### Exercise prompt
Restate all of the following data exactly, keeping any images out of the copy.

### Given data
- Opening Delimiter -

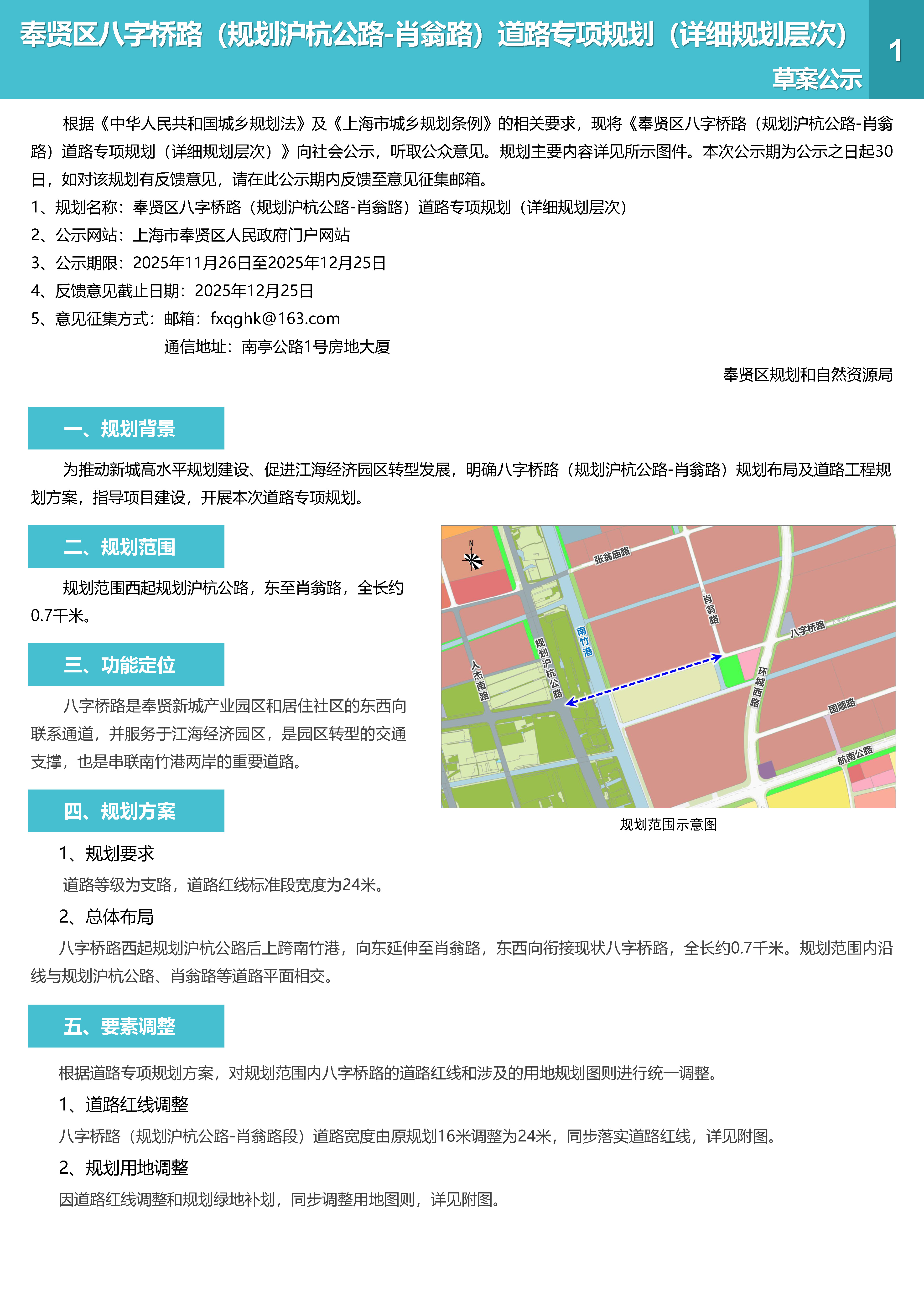 奉贤区八字桥路(规划沪杭公路-肖翁路)道路专项规划(详细规划层次) 草案公示
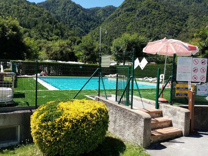 Nové dětské hřiště, bazén s modernizovanou sluneční terasou a lehátky.
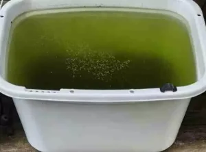 立上げた屋外メダカ水槽。グリーンウォーター化

- Closing Delimiter -

### Answer for the task
 奉贤区八字桥路(规划沪杭公路-肖翁路)道路专项规划(详细规划层次) 草案公示
 Nové dětské hřiště, bazén s modernizovanou sluneční terasou a lehátky.
 立上げた屋外メダカ水槽。グリーンウォーター化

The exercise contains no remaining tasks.